A collection of concepts and tools about statistics.
1. From Central Limited Theorem to Confidence Interval
* 1) regardless of the distribution of the real population, the sample mean always follow the normal distribution, if you sample enough times with good population (>30).
* 2) the normal distribution of the sample means (x-bar) has its own mean, and and standard deviation.
* 3) CLT says, that mean equals to the mean of the population (mu).
* 4) and CLT says, that standard deviation of sample s, can be estimated by standard deviation of the population (sigma).
s = sigma / sqrt(n)
* 5) in practice, sd of the population (sigma) is not normally available, therefore, we use sd of the sample (s) as an approximation.
* 6) so it follows the whole formula of Confidence Interval:
Confidence Range = (x-bar) +/- z* s/sqrt(n)
* 7) z is the number of standard deviations your precision allows your x-bar to deviate away from the real population mean. z is directly linked to the value of confidence level.

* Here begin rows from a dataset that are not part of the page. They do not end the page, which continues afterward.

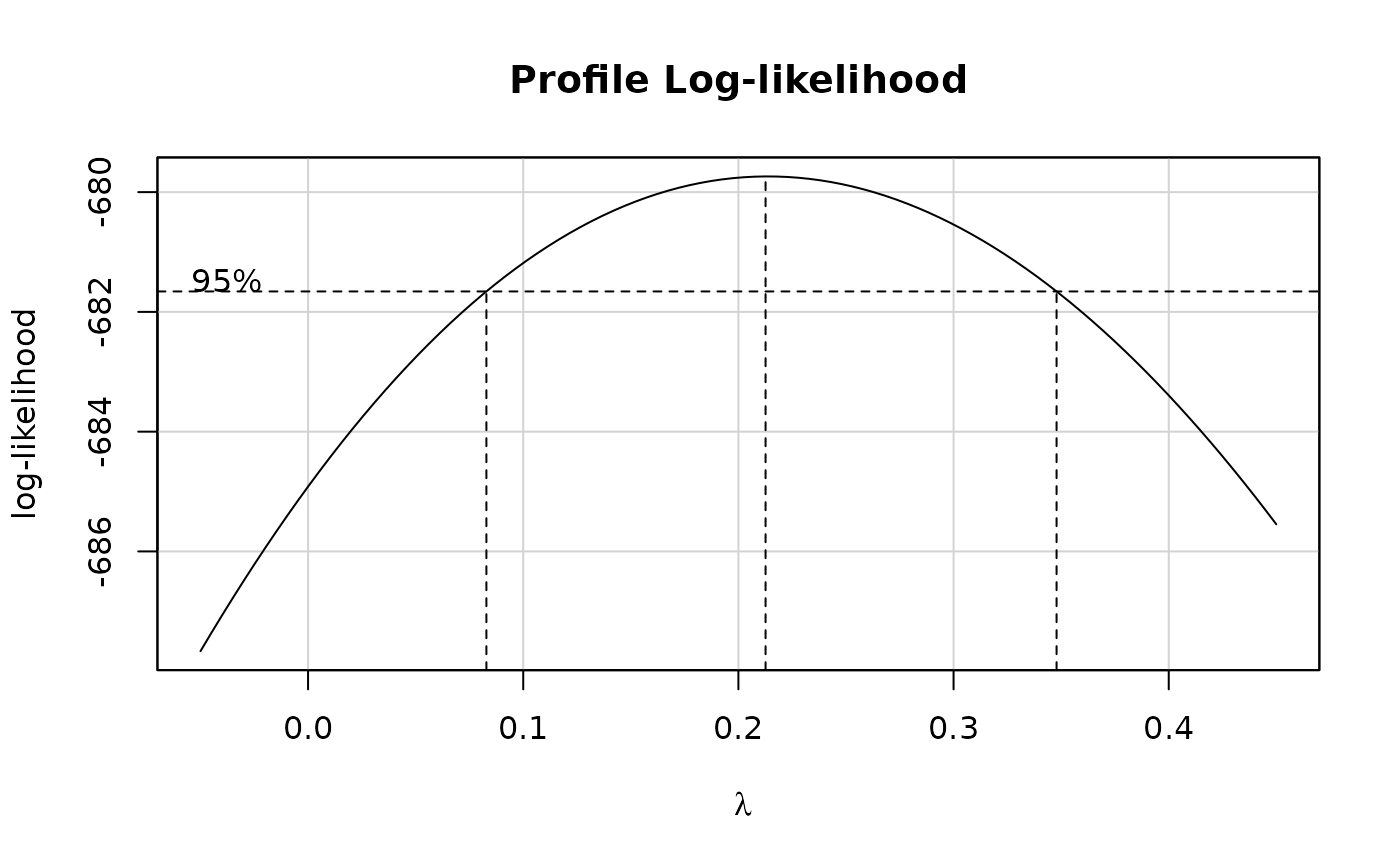 vector of values of \(\lambda\), with default (-2, 2) in steps of 0.1, where the profile log-likelihood will be evaluated.
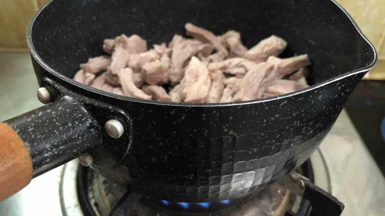 2. 猪肉切成条,看着纹路,竖着切(竖着切,做出来的肉口感会更好)
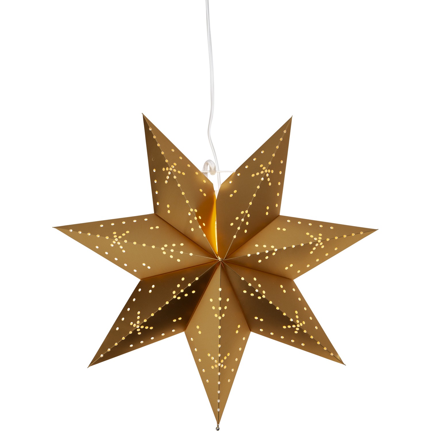 Dekorativ adventsstjärna i papper, stansat hålmönster som släpper igenom ett stämningsfullt ljus. Sladdställ med E14-lamphållare ingår. Dekorera till advent och jul, passar utmärkt i ett förnster eller mot en vägg för den perfekta julkänslan.
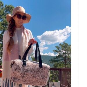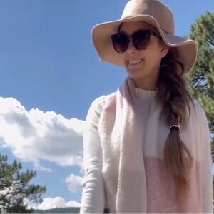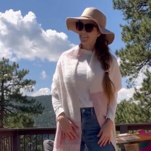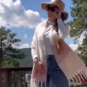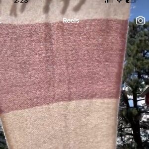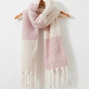 Pink, tan, cream fringe scarf. Poly. 16.5” x 80”
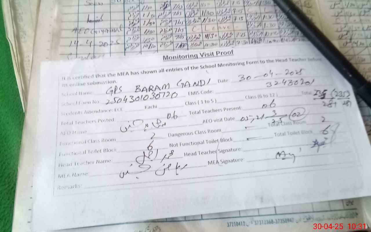 | EMIS Code: 32430201 | Name of School: GPS BARAM GANDI | |||
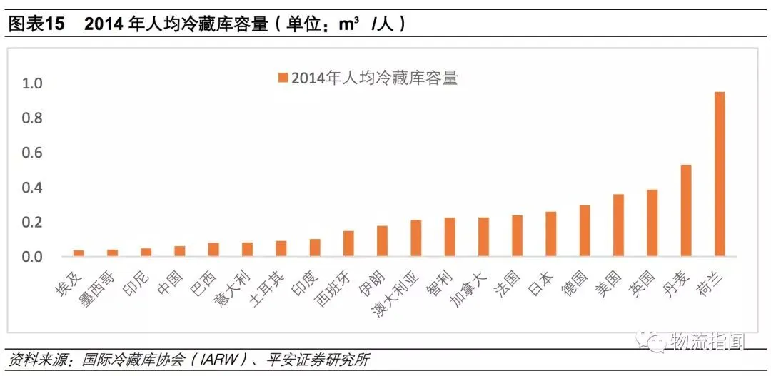 我国冷链物流行业整体实力还比较弱,冷链基础设施设备结构不平衡,与发达国家相比还有较大的差距。据统计,2014年人均冷库体积是0.06 立方米/人,同期美国是0.36立方米/人,2017年,全国人均拥有量占美国的1/4,占日本的1/3。
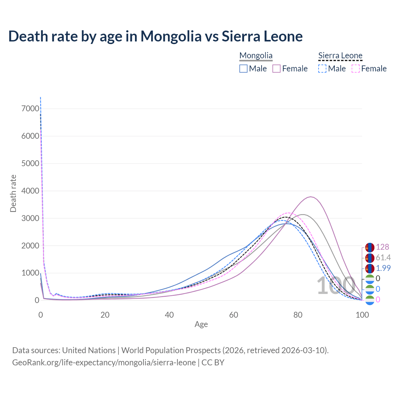 In Mongolia, the most common age of death is 82, compared to 0 in Sierra Leone. The median age of death is 76 in Mongolia and 70.8 in Sierra Leone, meaning only half of each cohort is expected to live past that age.
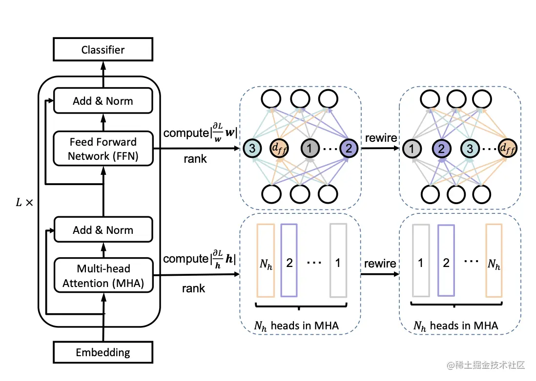 为了充分利用网络的容量,更重要的头部或神经元应该在更多的子网络中共享。因此,在训练宽度自适应网络前,作者在 fine-tuned BERT网络中根据注意力头和神经元的重要性对它们进行了排序,然后在宽度方向上以降序进行排列。这种选取机制被称为 Network Rewiring。

* 8) the proper claim is: I have the confidence that by 95% of the chance, the population mean is x-bar.
2. From Confidence Interval to Hypothesis Testing
* 1) state null (H0) and alternate (H1) hypothesis: the alternative is always the one of your belief; the null is the other side.
- Note: the hypothesis is for the purpose to reject.
* 2) select a level of significance (5%)
* 3) identify the test statistic: R will help you.
* 4) formulate a decision rule:
* 5) take a sample, arrive at a decision
- reject the null, and accept the alternative: I have certain confidence to believe that my initial intuition is correct.
- do not reject the null: I DO NOT have a confidence to believe my intuition. But NOTE, it doesn't mean my intuition was wrong either. It only means: no conclusion.